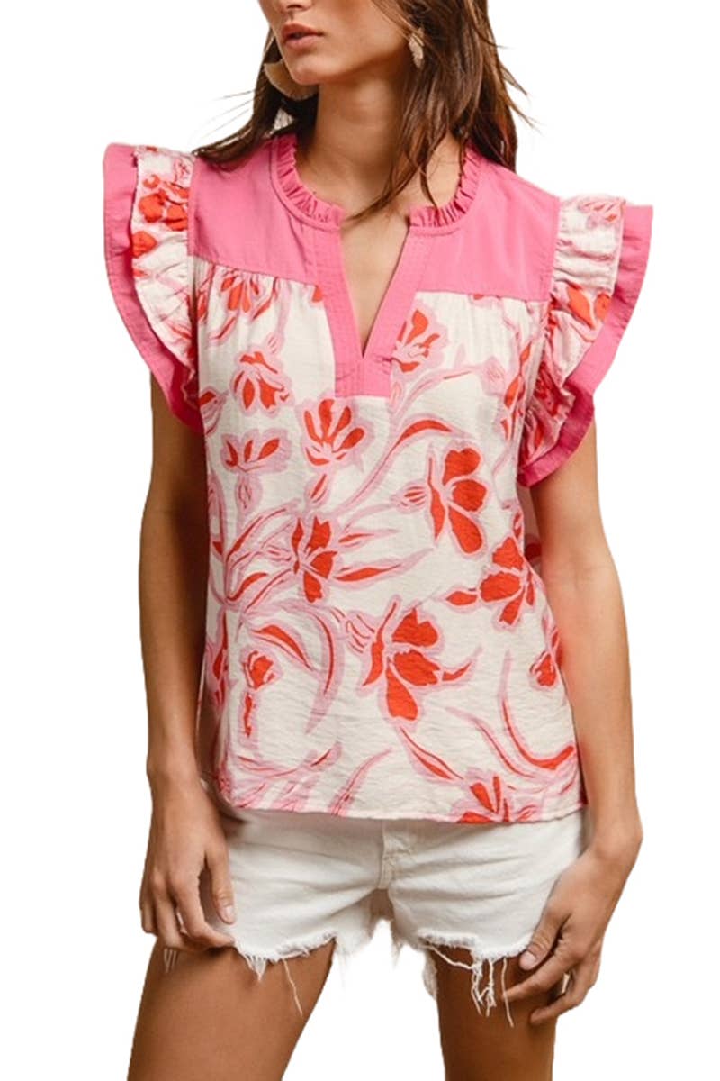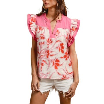 UN HAUT FLEURI DOTÉ D'UN COL MONTANT FRONCÉ, DE MANCHES COURTES VOLANTÉES, D'UN OURLET ARRONDI ET D'UNE COUPE DÉCONTRACTÉE. *LE MANNEQUIN PORTE UNE TAILLE S
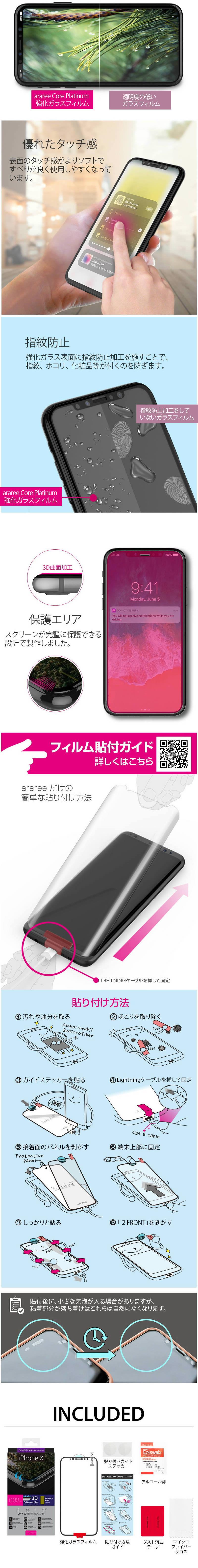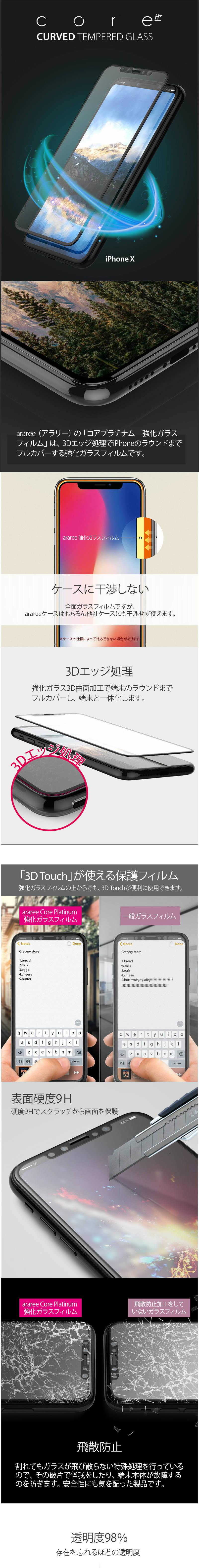 ■araree(アラリー)の「コアプラチナム 強化ガラスフィルム」は、3Dエッジ処理でiPhoneのラウンドまでフルカバーする強化ガラスフィルムです。
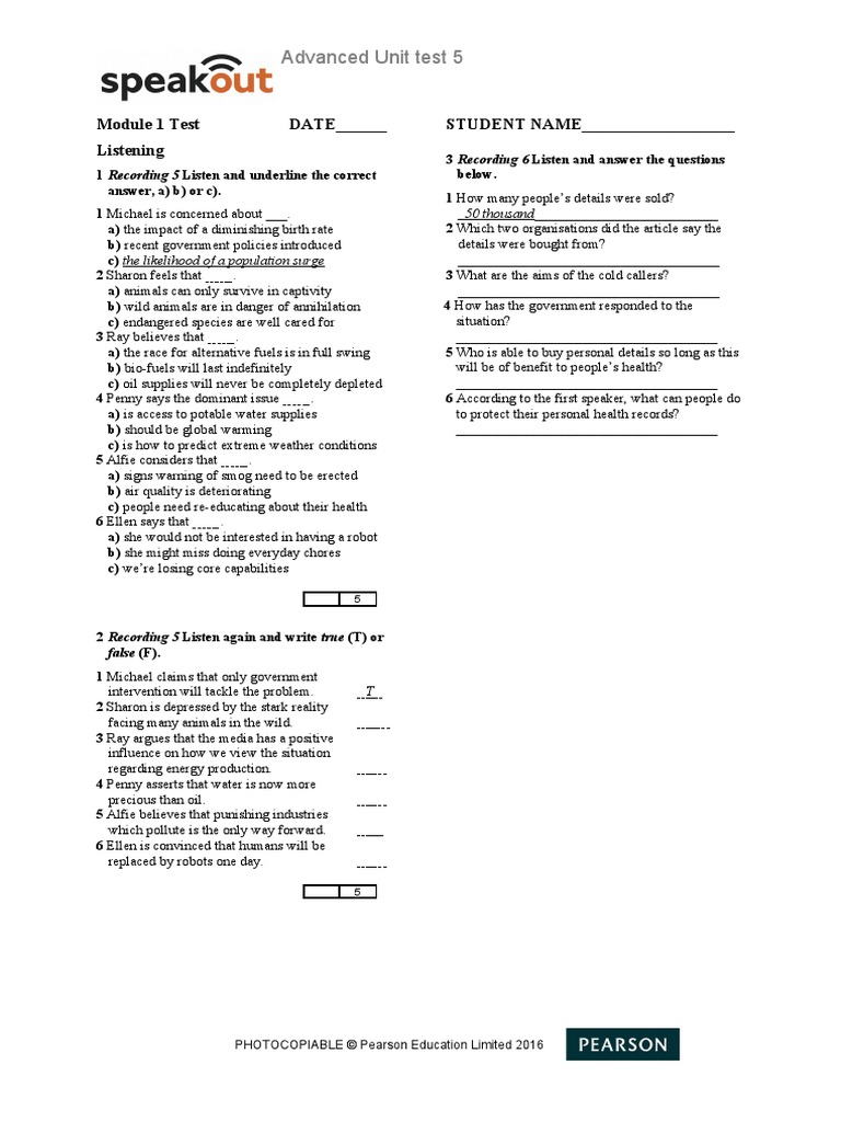 1 Recording 5 Listen and underline the correct below.
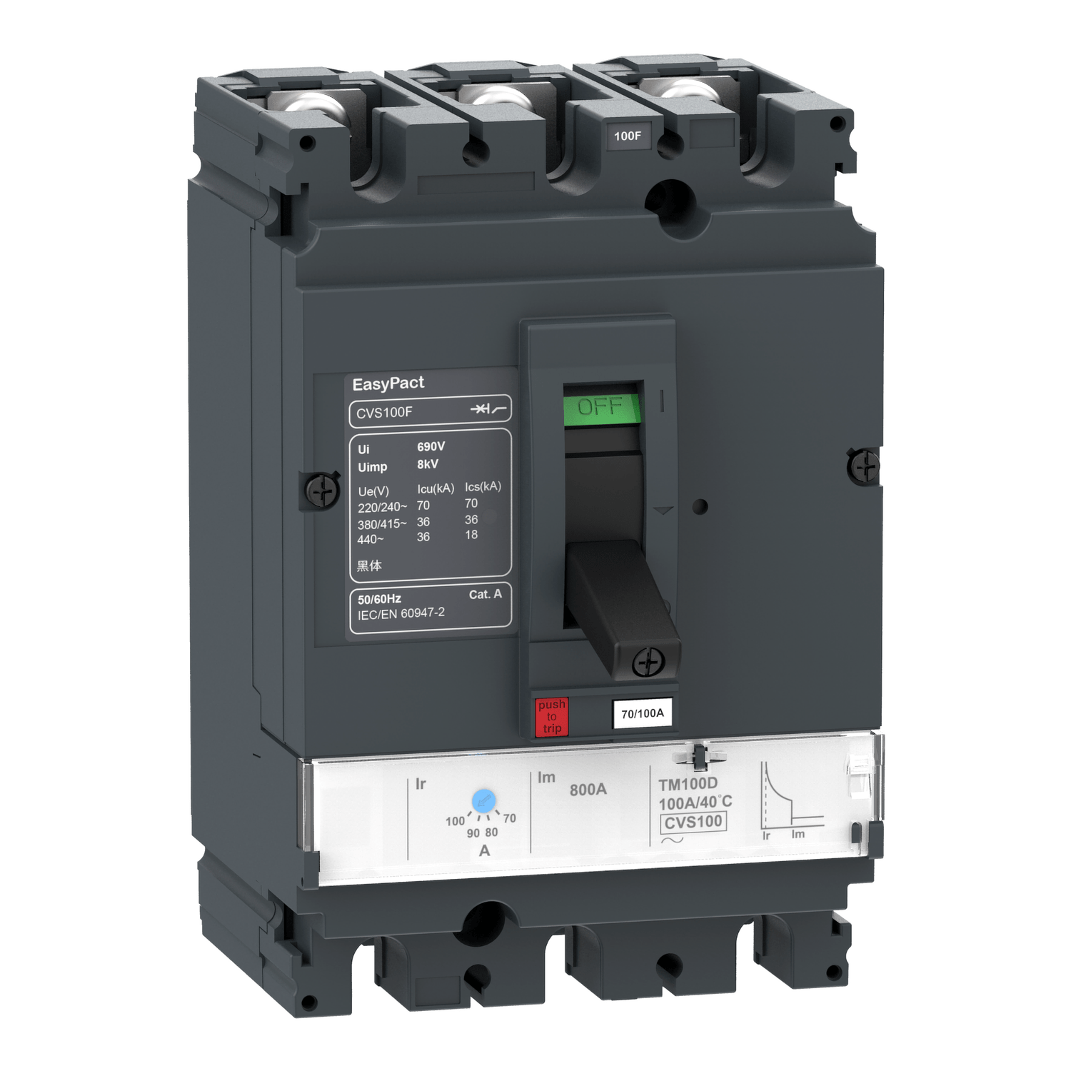 O EasyPact CVS100F é um interruptor, ou disjuntor, termomagnético fixo 3d de 3 polos com alto nível de desempenho e funcionalidade econômica.É uma escolha ideal para aplicações de proteção de edifícios pequenos e médios.A capacidade de ruptura (Icu) é de 36kA rms a 415VAC 50/60Hz.A tensão de operação é de 440 VAC 50/60 Hz.Este disjuntor inclui uma unidade de disparo TMD nominal de 100A.A unidade de desconexão TMD fornece proteção de sobrecarga térmica ajustável e proteção magnética fixa.Esta versão de 3 polos com dimensões de 105 mm (L) x 161 mm (A) x 86 mm (P) inclui uma variedade de recursos e acessórios opcionais.Além disso, pode ser instalado em painéis de interruptores de isolação de classe II, pois é um dispositivo frontal de classe II (IEC 60664-1).Este produto está em conformidade com as normas internacionais (IEC 60947, CCC, EAC).Os disjuntores termomagnéticos Easypact CVS levam o selo Green PremiumTM,,que promete conformidade com as mais recentes regulamentações, transparência nos impactos ambientais, produtos circulares e de baixo CO2.
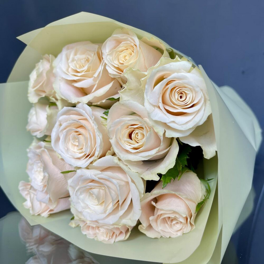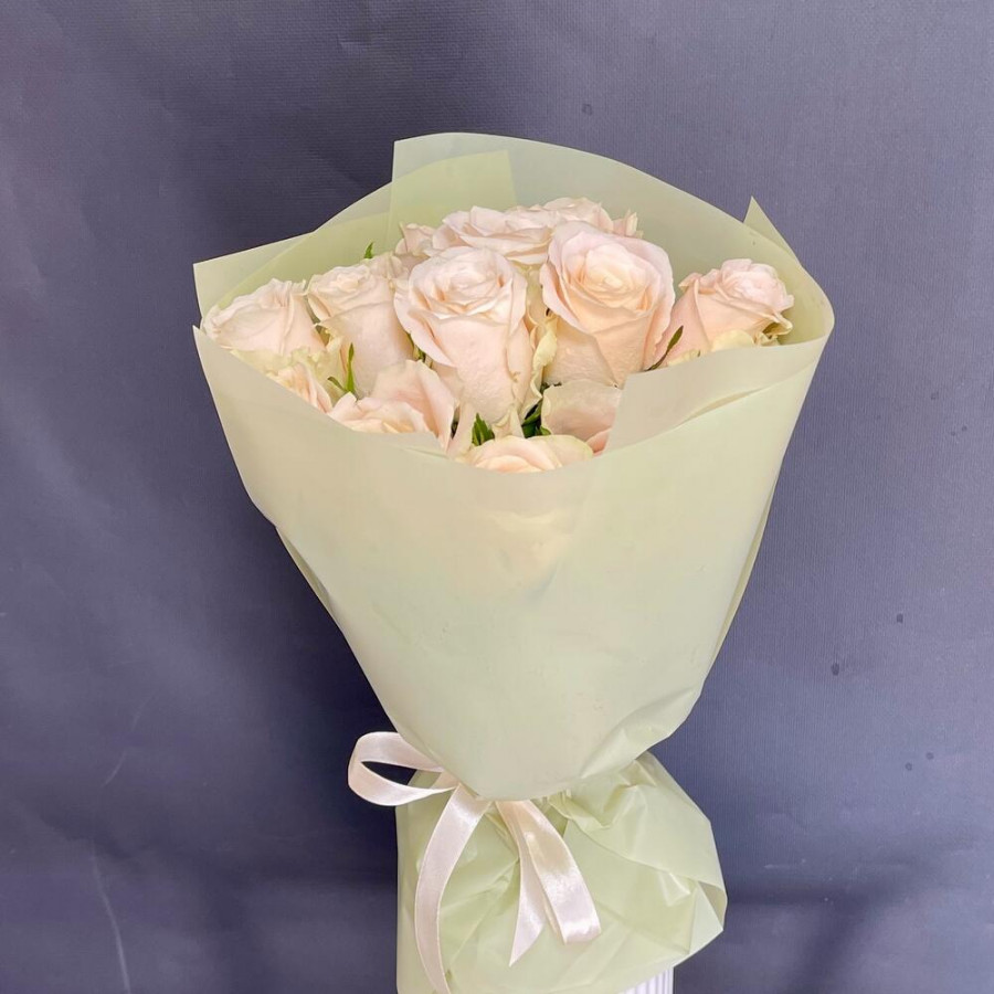 На фото букет из 13 кремовых роз. В составе: роза 13 шт, дизайнерская упаковка 1 шт, атласная лента 1 шт, . Все цветы свежие и ароматные, букет красиво оформлен и отлично подходит для подарка. Доступна доставка цветов или самовывоз.

▶ **What you should do**
Print, exactly as written, the lines above from the first one to the one containing "O EasyPact CVS100F". Leave out pictures.

▶ **Expected output**
 UN HAUT FLEURI DOTÉ D'UN COL MONTANT FRONCÉ, DE MANCHES COURTES VOLANTÉES, D'UN OURLET ARRONDI ET D'UNE COUPE DÉCONTRACTÉE. *LE MANNEQUIN PORTE UNE TAILLE S
 ■araree(アラリー)の「コアプラチナム 強化ガラスフィルム」は、3Dエッジ処理でiPhoneのラウンドまでフルカバーする強化ガラスフィルムです。
 1 Recording 5 Listen and underline the correct below.
 O EasyPact CVS100F é um interruptor, ou disjuntor, termomagnético fixo 3d de 3 polos com alto nível de desempenho e funcionalidade econômica.É uma escolha ideal para aplicações de proteção de edifícios pequenos e médios.A capacidade de ruptura (Icu) é de 36kA rms a 415VAC 50/60Hz.A tensão de operação é de 440 VAC 50/60 Hz.Este disjuntor inclui uma unidade de disparo TMD nominal de 100A.A unidade de desconexão TMD fornece proteção de sobrecarga térmica ajustável e proteção magnética fixa.Esta versão de 3 polos com dimensões de 105 mm (L) x 161 mm (A) x 86 mm (P) inclui uma variedade de recursos e acessórios opcionais.Além disso, pode ser instalado em painéis de interruptores de isolação de classe II, pois é um dispositivo frontal de classe II (IEC 60664-1).Este produto está em conformidade com as normas internacionais (IEC 60947, CCC, EAC).Os disjuntores termomagnéticos Easypact CVS levam o selo Green PremiumTM,,que promete conformidade com as mais recentes regulamentações, transparência nos impactos ambientais, produtos circulares e de baixo CO2.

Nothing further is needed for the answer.